A data frame with 13 rows and 10 variables:

booklet

Booklet name.

b1

Indicator specifying those test booklets that use item block 1.

b2

Indicator specifying those test booklets that use item block 2.

b3

Indicator specifying those test booklets that use item block 3.

b4

Indicator specifying those test booklets that use item block 4.

b5

Indicator specifying those test booklets that use item block 5.

b6

Indicator specifying those test booklets that use item block 6.

b7

Indicator specifying those test booklets that use item block 7.

b8

Indicator specifying those test booklets that use item block 8.

b9

Indicator specifying those test booklets that use item block 9.

Source

PISA 2012 Technical Report, Chapter 2: Test Design and Test Development. Figure 2.1: Cluster rotation design used to form standard test booklets for PISA 2012. Page 31. https://www.oecd.org/pisa/pisaproducts/PISA-2012-technical-report-final.pdf


Item parameter estimates for 2012 PISA mathematics assessment

Description

A dataset containing the estimated item parameters for the PISA 2012 mathematics assessment.

Usage

pisa2012_math_item

Format

A data frame with 109 rows and 5 variables:

item_name

Item name.

item

Item number.

b

b parameter estimate.

d1

d1 parameter estimate (for partial credit items).

d2

d2 parameter estimate (for partial credit items).

Source

PISA 2012 Technical Report, ANNEX A. Table A.1: PISA 2012 Main Survey mathematics item classification.
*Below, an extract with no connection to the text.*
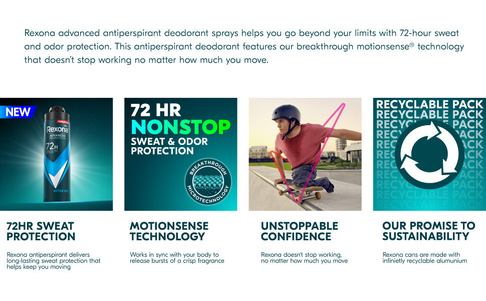 72-HOUR NONSTOP PROTECTION*: Rexona Men Xtra Cool Antiperspirant Deodorant Spray with 72-hour unbeatable sweat and odor protection for nonstop confidence.
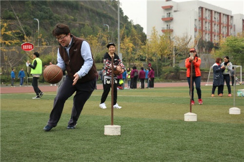 11月27日下午天朗气清、阳光明媚,我校教职工秋季健身活动如期进行。一年一度秋季健身活动是我校传统项目之一,也是展现各部门工会会员集体风采的平台,深受教职员工欢迎。本次健身活动包括篮球运球绕障碍接力、足球射门、定点掷实心球、滚铁环、取水接力等集体项目,重在趣味性、娱乐性和参与性,充分体现了团队协作的精神和积极向上的风貌。

Pages 406 - 409. https://www.oecd.org/pisa/pisaproducts/PISA-2012-technical-report-final.pdf


Correlation matrix from the PISA 2012 background questionnaire

Description

A correlation matrix for the selected background questionnaires and mathematics plausible value.

Usage

pisa2012_q_cormat

Format

An 19 by 19 matrix.

Details

A heterogeneous correlation matrix, consisting of polyserial correlations between numeric and ordinal variables, and polychoric correlations between ordinal variables.

Row/Col Name Label Type
1 ST93Q01 Perseverance Ordinal
2 ST93Q03 Perseverance Ordinal
3 ST93Q04 Perseverance Ordinal
4 ST93Q06 Perseverance Ordinal
5 ST93Q07 Perseverance Ordinal
6 ST94Q05 Openness for Problem Solving Ordinal
7 ST94Q06 Openness for Problem Solving Ordinal
8 ST94Q09 Openness for Problem Solving Ordinal
9 ST94Q10 Openness for Problem Solving Ordinal
10 ST94Q14 Openness for Problem Solving Ordinal
11 ST88Q01 Attitude toward School Ordinal
12 ST88Q02 Attitude toward School Ordinal
13 ST88Q03 Attitude toward School Ordinal
14 ST88Q04 Attitude toward School Ordinal
15 ST89Q02 Attitude toward School Ordinal
16 ST89Q03 Attitude toward School Ordinal
17 ST89Q04 Attitude toward School Ordinal
18 ST89Q05 Attitude toward School Ordinal
19 1PV1MATH Mathematics Plausible Value 1 Continuous

Warning

These data are for illustration purposes only. Handling of missing data may not be suitable for valid inferences.

Source

Raw data can be found at https://www.oecd.org/pisa/pisaproducts/pisa2012database-downloadabledata.htm Codebook can be found at https://www.oecd.org/pisa/pisaproducts/PISA12_stu_codebook.pdf


Marginal proportions from the PISA 2012 background questionnaire

Description

Marginal proportions from the PISA 2012 background questionnaire

Usage

pisa2012_q_marginal

Format

A list of 19 named numeric vectors.

Details

A list containing the marginal cumulative proportions for each response category from the PISA 2012 background questionnaire. Elements 1 - 18 are the marginal proportions for the selected items from the background questionnaire. Element 19 is the marginal proportion for the selected mathematics plausible value.

Row/Col Name Label Length
1 ST93Q01 Perseverance 5
2 ST93Q03 Perseverance 5
3 ST93Q04 Perseverance 5
4 ST93Q06 Perseverance 5
5 ST93Q07 Perseverance 5
6 ST94Q05 Openness for Problem Solving 5
7 ST94Q06 Openness for Problem Solving 5
8 ST94Q09 Openness for Problem Solving 5
9 ST94Q10 Openness for Problem Solving 5
10 ST94Q14 Openness for Problem Solving 5
11 ST88Q01 Attitude toward School 4
12 ST88Q02 Attitude toward School 4
13 ST88Q03 Attitude toward School 4
14 ST88Q04 Attitude toward School 4
15 ST89Q02 Attitude toward School 4
16 ST89Q03 Attitude toward School 4
17 ST89Q04 Attitude toward School 4
18 ST89Q05 Attitude toward School 4
19 1PV1MATH Mathematics Plausible Value 1 1

Warning

These data are for illustration purposes only. Handling of missing data may not be suitable for valid inferences.

Source

Raw data can be found at https://www.oecd.org/pisa/pisaproducts/pisa2012database-downloadabledata.htm Codebook can be found at https://www.oecd.org/pisa/pisaproducts/PISA12_stu_codebook.pdf


Pluralize words

Description

Pluralize a word

Usage

pluralize(word, n = rep(2, length(word)))

Arguments

word

vector of characters to be pluralized

n

vector of number of times each word appears (to determine if the plural or single form will be returned)

Value

'word', either pluralized or not (depending on 'n')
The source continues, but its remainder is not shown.